The jeep waited in the hard-dirt yard behind the guesthouse. They went to it, climbed in quietly, and started it up. She checked the gas and water levels, then puttered quickly to the edge of the settlement. In the manner of all outpost towns, civilization-buildings, people, lights-fell away from them with unnerving suddenness when they hit the main road. In an instant it was all empty, the silty sea of desert and black mountains.

They bounced painfully on the first long stretch, a deep-rutted, unforgiving dirt track. But then they hit smooth pavement, and the road settled to silk and looped through the night. They were in the other realm now, in a car with a dark highway in front of them and the Tengger Desert all around.

"Don’t you love it?" She crooked her left arm out in the night wind.

"Driving?" He drew his brows together, confused.

"Sure. I used to drive all the way to Laredo, all the way across Texas. Imagine. It’s so hot you could die. And then Customs, the little linoleum room and the man with the shark-pressed khaki uniform, but fat, beer roll, the uniform’s too tight, he checks your driver’s license, he asks you the questions, you answer correctly because you know what to say and they send you out of the room and through a gate and you have left your country, you are over the border, now it’s Nuevo Laredo. Mexico. Everything looks different. The houses are all these wild colors. The light is strange. It smells primeval. You’re on Mars."

"You are talking about driving?" Lin attempted to clarify.

"About wanderlust," she answered, using the inadequate Chinese phrase, re-ai luxing, and pointing out the windshield. "This is it, the open road."

He stared at her.

"Wo shi yige luxing aihao-zhe, " she tried again: I’m a wanderer. But still he did not click in. Texas-the road-he’d never know. How could he? Yet the strange thing was she had the same feeling right now that she’d had all those years ago, driving out west, to Tonopah. A free feeling. Leaving her old life behind. Becoming herself. Teilhard had done it: Make me more myself, as I dream to make you reaching the best of yourself.

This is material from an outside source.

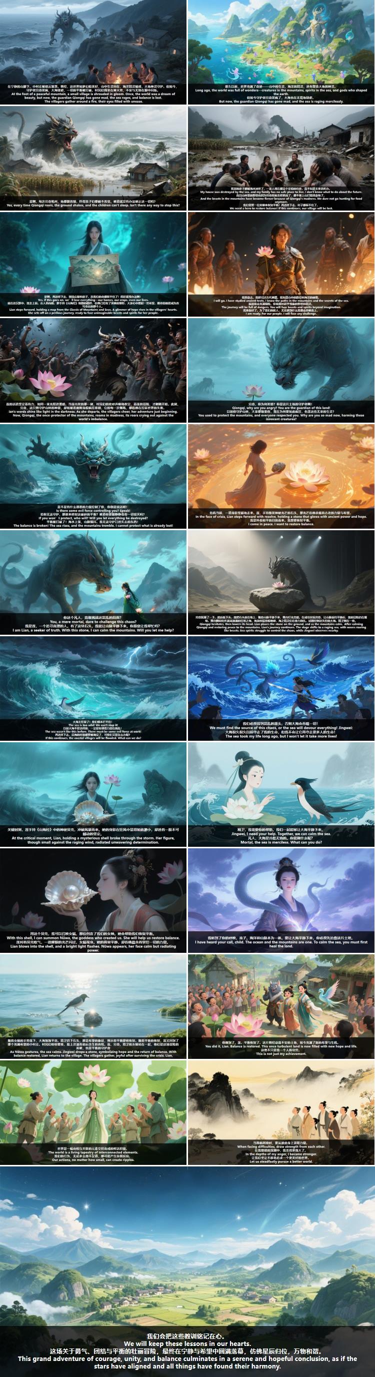 随着女娲的手势落下,大海渐渐平息。精卫扔下石头,那是希望的象征,预示着平衡即将恢复。随着平衡的恢复,莲又回到了那个充满希望的小村庄。村民们纷纷聚集,脸上洋溢着劫后余生的喜悦。莲、穷奇、精卫和女娲站在一起,他们是这场冒险的英雄,也是平衡的守护者

She watched Lin switch on a small light inside the glove box and peer at the back of the photo again.

"You should start watching for a dirt turnoff on the left," he told her.

When they came to it she drove past, but he spotted it and she turned the jeep around. When she caught sight of the track she saw that it was little more than a faint tamped disturbance in the great prairie of loess, but a track it was, definitely, and it wound away from them toward the black foothills. She cut her speed and lurched onto it. The surface was rough. She braked more.

"A few miles, I would guess." His voice was tight, his hands gripped his knees.

Some small marmot-looking animal darted across their path, eyes refracting brilliantly in their headlights, then shot off into the darkness.

"See that?"

He nodded.

She concentrated on the bad road. To either side of them, piles of rock stood sentrylike on the desert floor.

"Soon we’ll be climbing the ridge," he whispered.

Bumps, painful pitching jolts, each threatening to tear off the muffler or bend a tie rod. They bounced and rolled, gaining elevation. Finally in front of them the track curved gracefully to the right and swept through a break in the humped-up hills, and there, in that astonished second before the car dipped nose-down into the deep falling grade, they glimpsed the spreading valley, the sheep pens, the jumble of dwellings and outbuildings. It looked just like the picture, it was the picture. And up behind it, the strangely notched black ridgeline of the Helan Shan.

There were lights on in the house.

She and Lin exchanged glances, triumphant. Lights down below. That meant people. The Mongol family.